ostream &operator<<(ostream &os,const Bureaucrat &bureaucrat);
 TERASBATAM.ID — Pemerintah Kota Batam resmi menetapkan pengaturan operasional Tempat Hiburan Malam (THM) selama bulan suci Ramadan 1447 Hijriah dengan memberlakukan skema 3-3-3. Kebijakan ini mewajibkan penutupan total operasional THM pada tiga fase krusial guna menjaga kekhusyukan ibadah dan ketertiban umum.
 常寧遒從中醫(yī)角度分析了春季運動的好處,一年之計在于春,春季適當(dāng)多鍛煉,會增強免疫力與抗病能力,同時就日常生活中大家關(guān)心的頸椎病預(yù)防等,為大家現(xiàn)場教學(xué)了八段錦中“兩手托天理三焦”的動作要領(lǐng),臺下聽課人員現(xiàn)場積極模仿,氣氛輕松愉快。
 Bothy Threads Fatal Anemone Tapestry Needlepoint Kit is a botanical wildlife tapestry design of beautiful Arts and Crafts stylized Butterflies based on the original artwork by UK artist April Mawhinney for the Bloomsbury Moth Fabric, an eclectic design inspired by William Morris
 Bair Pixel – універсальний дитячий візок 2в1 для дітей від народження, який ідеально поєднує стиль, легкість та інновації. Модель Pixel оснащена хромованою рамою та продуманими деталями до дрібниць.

--

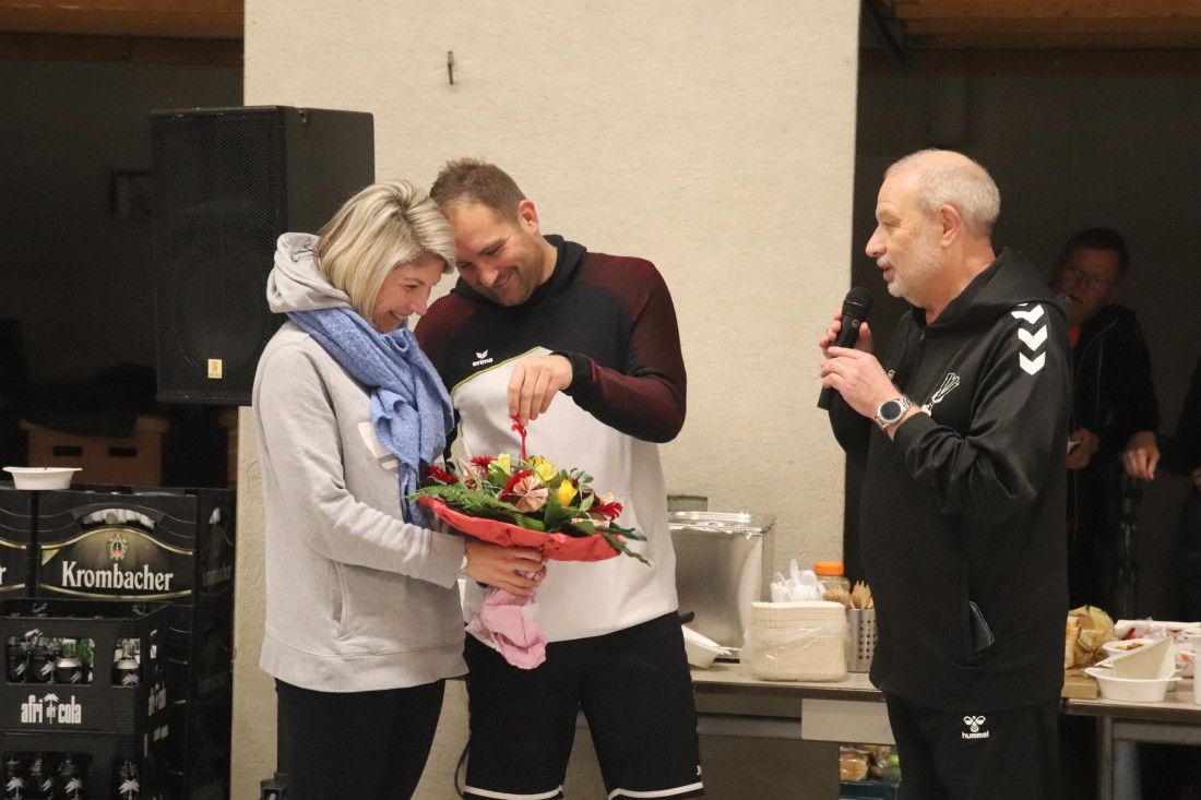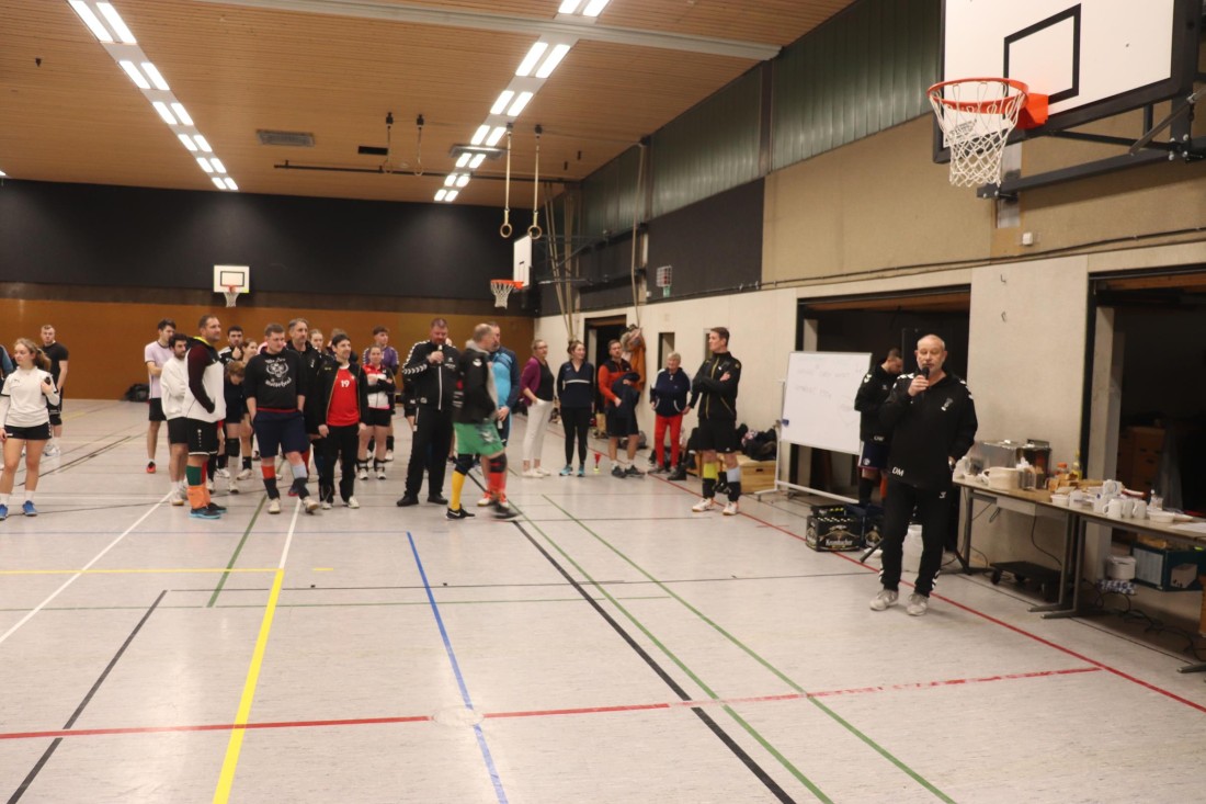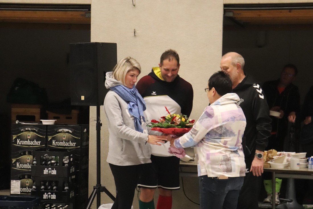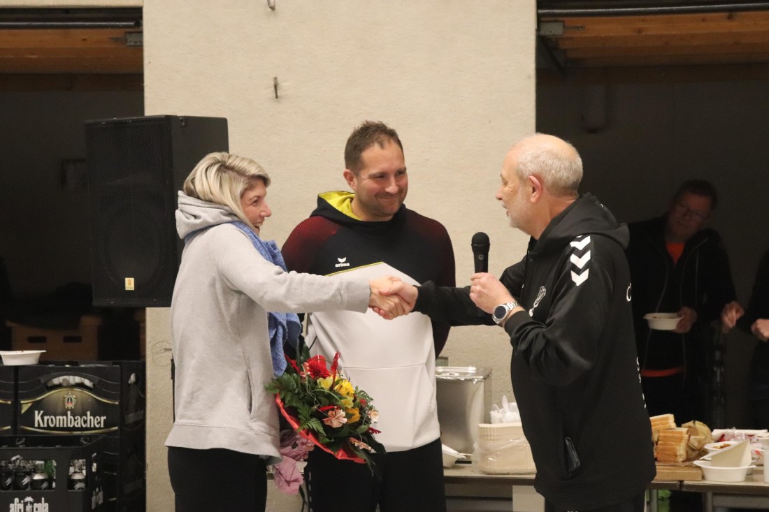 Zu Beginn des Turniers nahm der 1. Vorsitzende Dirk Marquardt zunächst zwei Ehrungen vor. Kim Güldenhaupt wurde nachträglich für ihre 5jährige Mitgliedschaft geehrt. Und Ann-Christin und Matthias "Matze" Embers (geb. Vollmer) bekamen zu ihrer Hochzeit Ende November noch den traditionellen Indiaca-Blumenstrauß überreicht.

What is expected
Beginning with the line that has "ostream &operator<<(ostream &os,const" and ending with the line that has "TERASBATAM.ID — Pemerintah", set down the lines above exactly and include no others.

Exercise result
ostream &operator<<(ostream &os,const Bureaucrat &bureaucrat);
 TERASBATAM.ID — Pemerintah Kota Batam resmi menetapkan pengaturan operasional Tempat Hiburan Malam (THM) selama bulan suci Ramadan 1447 Hijriah dengan memberlakukan skema 3-3-3. Kebijakan ini mewajibkan penutupan total operasional THM pada tiga fase krusial guna menjaga kekhusyukan ibadah dan ketertiban umum.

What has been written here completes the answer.